Cleaning and standardising geographic names in R with prep_geonames()

A hands-on workshop for systematic geographic name matching

R
Data cleaning
Geospatial
GIS
Author

Mohamed A Yusuf

Published

September 1, 2025

Important

Before you begin, we expect participants to have a basic working knowledge of R. If you are new to R or need a refresher, we recommend reviewing the earlier sessions on data visualization and data wrangling.

No prior experience with geographic data cleaning is required. However, familiarity with the previous mapping in R session will be useful. In this session, we focus on systematic approaches to geographic name standardisation.
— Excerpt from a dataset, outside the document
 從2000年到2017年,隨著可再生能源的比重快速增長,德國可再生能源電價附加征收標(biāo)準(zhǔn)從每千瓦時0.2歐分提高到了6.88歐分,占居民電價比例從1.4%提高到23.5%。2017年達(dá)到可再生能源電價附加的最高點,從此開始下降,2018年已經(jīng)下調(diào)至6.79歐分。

You will learn how to detect mismatches, apply string-distance algorithms, use interactive review for ambiguous cases, and build a reusable cache of corrections for future datasets.

Overview

Welcome back! In this post, we turn our attention to one of the most persistent challenges in public health data management: cleaning and standardising geographic names.

We’ll start with a quick look at why mismatched names create problems in analysis, reporting, and decision-making. From there, we’ll walk through a structured approach to name cleaning using the sntutils::prep_geonames() function. Along the way, we’ll explore common issues in real datasets, how string-distance algorithms can suggest likely matches, and how to integrate human review only where it is needed.
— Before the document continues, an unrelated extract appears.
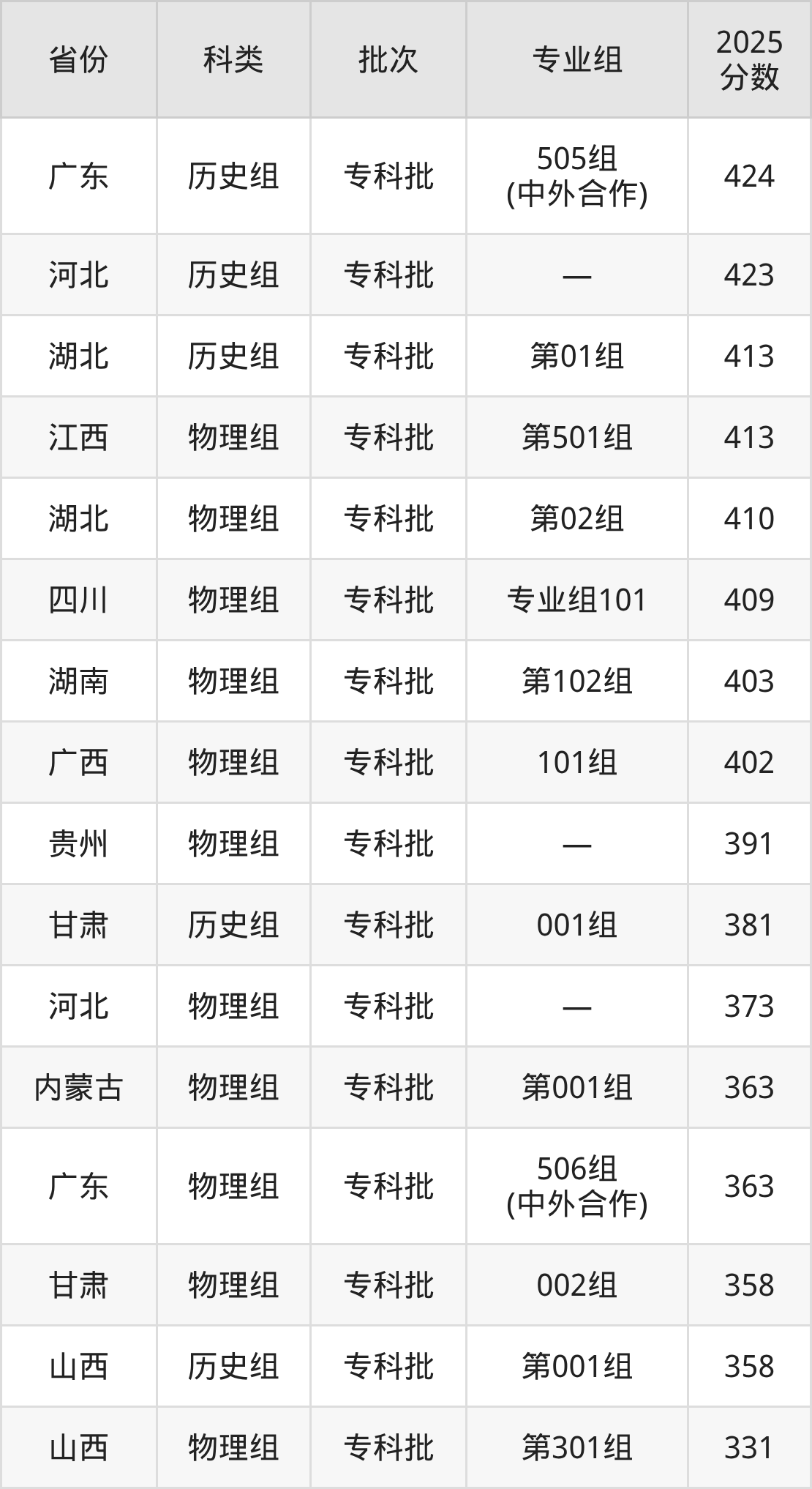 2025年广州城市职业学院在全国普通批次招生的录取分数范围位于331~500分之间,其中省内分数范围为363分~500分,历史组最低分专业组为“505组(中外合作)”,考生424分即可报考,物理组最低分专业组为“506组(中外合作)”,考生363分即可报考。

By the end of this session, you’ll understand how to move from manual, ad hoc fixes to a reproducible workflow that scales from hundreds to tens of thousands of records. You’ll also see how caching, auditing, and match statistics make the process faster, more transparent, and easier to trust.

Note

Learning Objectives

By the end of this session, you will be able to:

  • Understand the nature of geographic name inconsistencies and their impact on data quality.
  • Detect and standardise geographic names across multiple datasets.
  • Use interactive tools to review and resolve ambiguous matches.
  • Handle edge cases by correcting parent-level misassignments before matching.
  • Save and re-use corrections through a persistent caching system.
  • Validate the quality of name matching with summary statistics.
  • Produce simple visualisations to confirm that geographic names align with official boundaries.

The challenge of name matching

Geographic names are rarely consistent across datasets. The same administrative unit may appear with different spellings, formats, or even linked to the wrong parent. These problems are common in routine health data, survey microdata, and sometimes even in official shapefiles.

When names do not match, joins fail and indicators misalign. This leads to duplicate units in summaries, broken time series when names switch, and wrong denominators in coverage estimates. Analysts spend more time fixing data than analysing it, and programme teams lose trust in the results.

Two types of problems

It is important to distinguish between two categories:

1. Name inconsistencies These are technical issues that can be addressed with systematic cleaning. Examples include:

  • Spelling variations (Kadunna vs Kaduna).
  • Case inconsistencies (KANO vs Kano).
  • Extra whitespace or hidden characters (L agos vs Lagos).
  • Abbreviations and aliases (FCT vs Federal Capital Territory).
  • Language differences (local vs English/French names).
  • Parent misassignments (district linked to the wrong region).

2. Administrative changes These are structural changes that cannot be solved by name cleaning alone. Examples include:

  • New districts created (splits).
  • Old districts merged or dissolved.
  • Boundaries re-drawn to shift populations between units.
  • Renaming linked to political or administrative reforms.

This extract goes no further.